CP-690,550, an oral inhibitor of Janus kinase 3 (JAK-3), is safe and efficacious when used in combination with methotrexate in patients with rheumatoid arthritis (RA) who have had an inadequate response to methotrexate alone, according to findings from a double-blind, Phase IIb, dose-finding study.

JAK-3 is a tyrosine kinase essential for proper signal transduction downstream of selected cytokine receptors and for robust T-cell and natural killer cell activation and function. Inhibition of JAK-3 with CP-690,550 has been shown to inhibit acute rejection in primate recipients of kidney allografts, the study authors noted.

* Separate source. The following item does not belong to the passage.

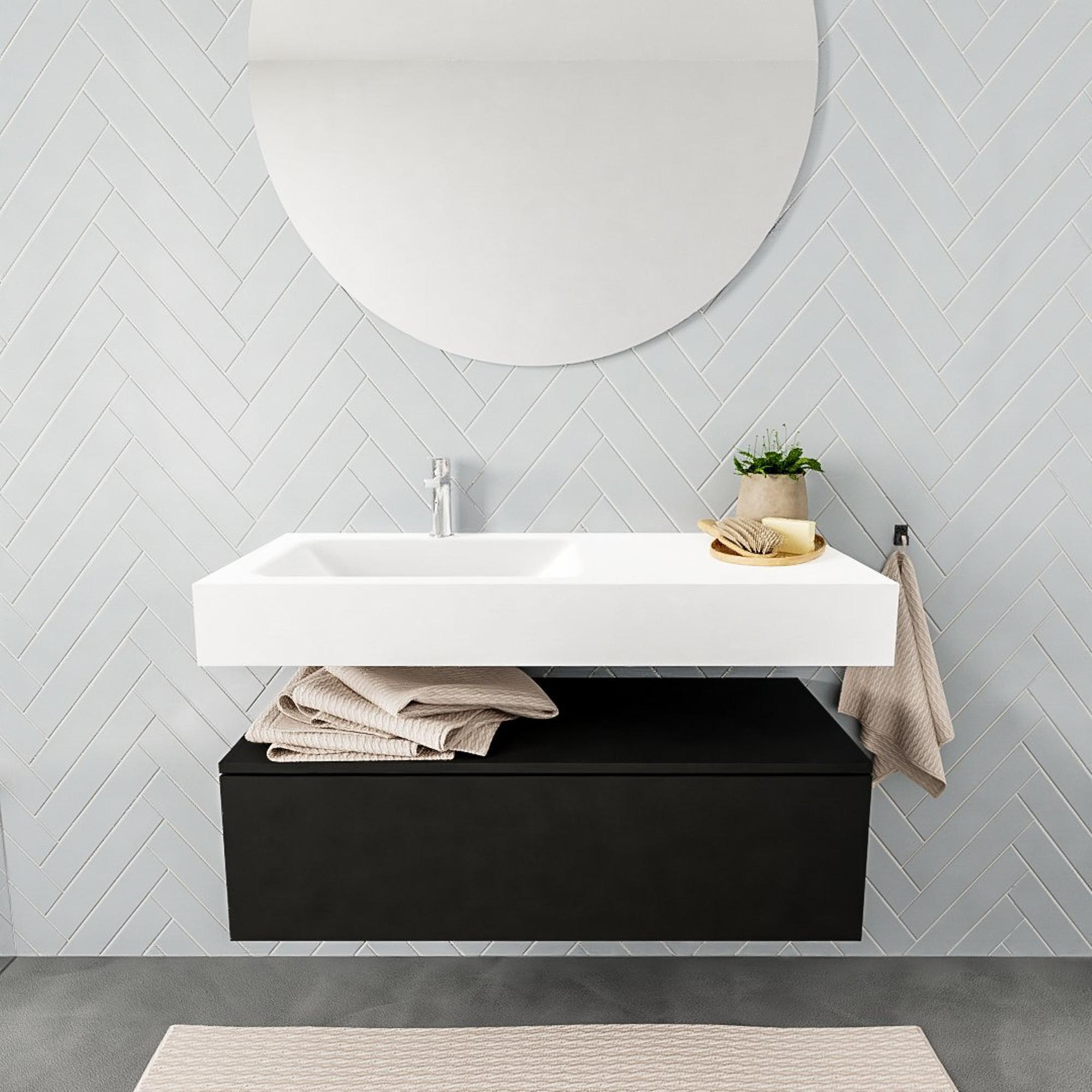 MONDIAZ ALAN 100cm - onderkast - urban - 1 lade - vrijhangende wastafel - wasbak links - 1 kraangat - talc

In the trial, 509 patients with active RA and an inadequate response to methotrexate were randomized to receive CP-690,550 1 mg, 3 mg, 5 mg, 10 mg, or 15 mg twice daily; CP-690,550 20 mg once daily; or placebo in combination with methotrexate for 6 months. The patients who received twice-daily treatment with CP-690,550 1 mg or 3 mg, those who received 20 mg once daily, and those who received placebo who did not achieve >20% reduction from baseline in swollen and tender joint counts at week 12 were reassigned to treatment with CP-690,550 5 mg twice daily for the remainder of the study.

The primary outcome measure was the American College of Rheumatology (ACR) response rate at week 12. Efficacy data were assessed through week 12 and safety data were examined through week 24.

At 12 weeks, ACR20 response rates in all CP-690,550 dose groups were significantly better than the response rate in the placebo group was (P<.05 for each). The ACR50 response rates at week 12 were significantly greater in the 5 mg twice-daily (37%, P<.05), 20 mg once-daily (36%, P<.05), and 15 mg twice-daily (47%, P<.0001) groups than in the placebo group.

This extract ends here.